Парадоксальность такого положения вещей для современного человека заключается лишь в том, что это желание Другого не становится источником невротизма и одержимости, а принимается во всей его структурной двойственности. Античный герой умеет ужиться со своим символическим двойником. Каждый герой имеет такого двойника. Это значит, что героическая судьба пишется в символическом регистре, в котором еще и сам герой — как родовое существо — способен отдать себе отчет. Порядок, «история» обменов даров и жертв (в том смысле, в каком Фрейд говорил об истории вытеснений индивида как о том, из чего слагается субъект бессознательного) — это «двойник» героя. Это история пишется и циркулирует в определенном социальном контуре («на роду написано»).

«Троя»: любовь или смерть?

Фильм начинается с последовательности самых разнообразных выборов. Спарта и Троя в лице Менелая и Гектора выбирают мир, прекращая войны и заключая союз. Елена выбирает новое будущее, соглашаясь бежать с Парисом от нелюбимого Менелая. Парис выбирает личную половую любовь, презрев любовь к отцу Приаму и родине. Гектор со словами: «У меня нет выбора», — выбирает брата, а не мир со Спартой.

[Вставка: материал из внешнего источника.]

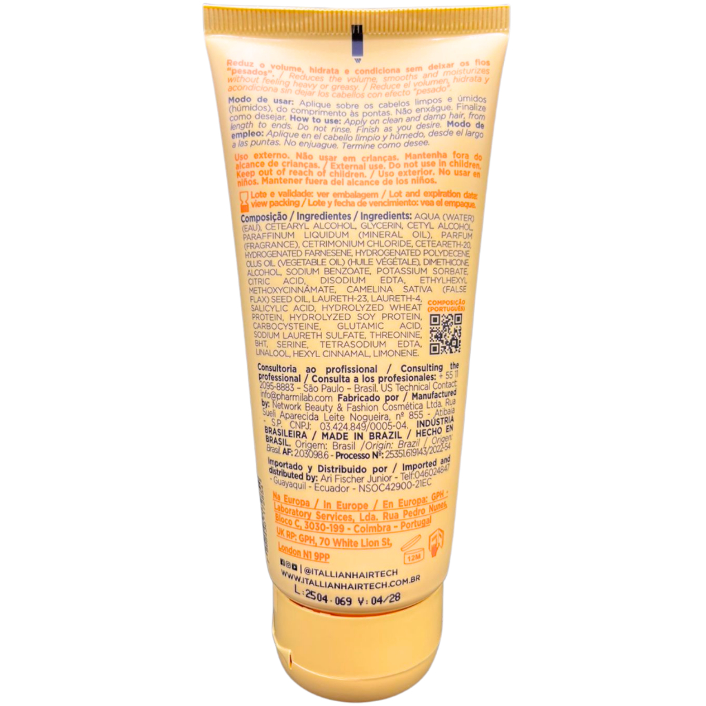 LEAVE-IN HIDRATANTE TRIVITT 200mL DESCRIÇÃO: Reduz o volume com hidratação e condicionamento sem pesar nos fios. A fórmula do Leave-in Hidratante Trivitt protege do frizz ao longo do dia e conserva a hidratação no interior da fibra por mais tempo para que o cabelo fique macio, desembaraçado e com brilho. ATIVOS: Filtro Solar: absorve de forma eficiente a radiação UV-B. Protege os fios contra os danos provocados pela radiação UV-B. É resistente à água. Queratina: os cabelos são constituídos principalmente por essa proteína, composta por uma sequência de 18 aminoácidos interligados por pontes de hidrogênio, dissulfeto (enxofre) e salinas. Como é hidrolisada, apresenta baixo peso molecular, o que facilita sua penetração através das cutículas. Deposita-se sobre as regiões que apresentam danos, restaurando os fios Reequilibra o teor de água e a distribuição de cargas elétricas da fibra capilar Após penetrar através das cutículas, mantém as mesmas seladas (pH adequado para o fechamento das escamas) Óleo de Camelina Dourada: ingrediente de origem 100% vegetal, obtido da planta “Gold of Pleasure” (Camelina sativa). Fornece a proporção ideal de Ômegas 3 e 6 para restaurar o teor lipídico (oleosidade natural) da fibra capilar Combate o toque áspero dos cabelos ressecados e fragilizados Recupera a elasticidade e flexibilidade dos fios MODO DE USO: Espalhe sobre as mãos uma quantidade suficiente do produto e aplique sobre os cabelos limpos e úmidos, do comprimento às pontas. Não enxágue. Deixe secar naturalmente.

С другого конца ряд своих выборов на пути к кульминационной встрече с Гектором совершает и Ахиллес. Колеблясь, он выбирает участие в походе на Трою. В разговоре с матерью, в задумчивости он изберет славу, а не жизнь. Затем, на почве личной неприязни к командующему всем греческим войском Агамемнону, устранится от ведения боевых действий. Наконец, он предпочтет не столько славу, сколько любовь (то и другое личные) и смерть при захвате Трои.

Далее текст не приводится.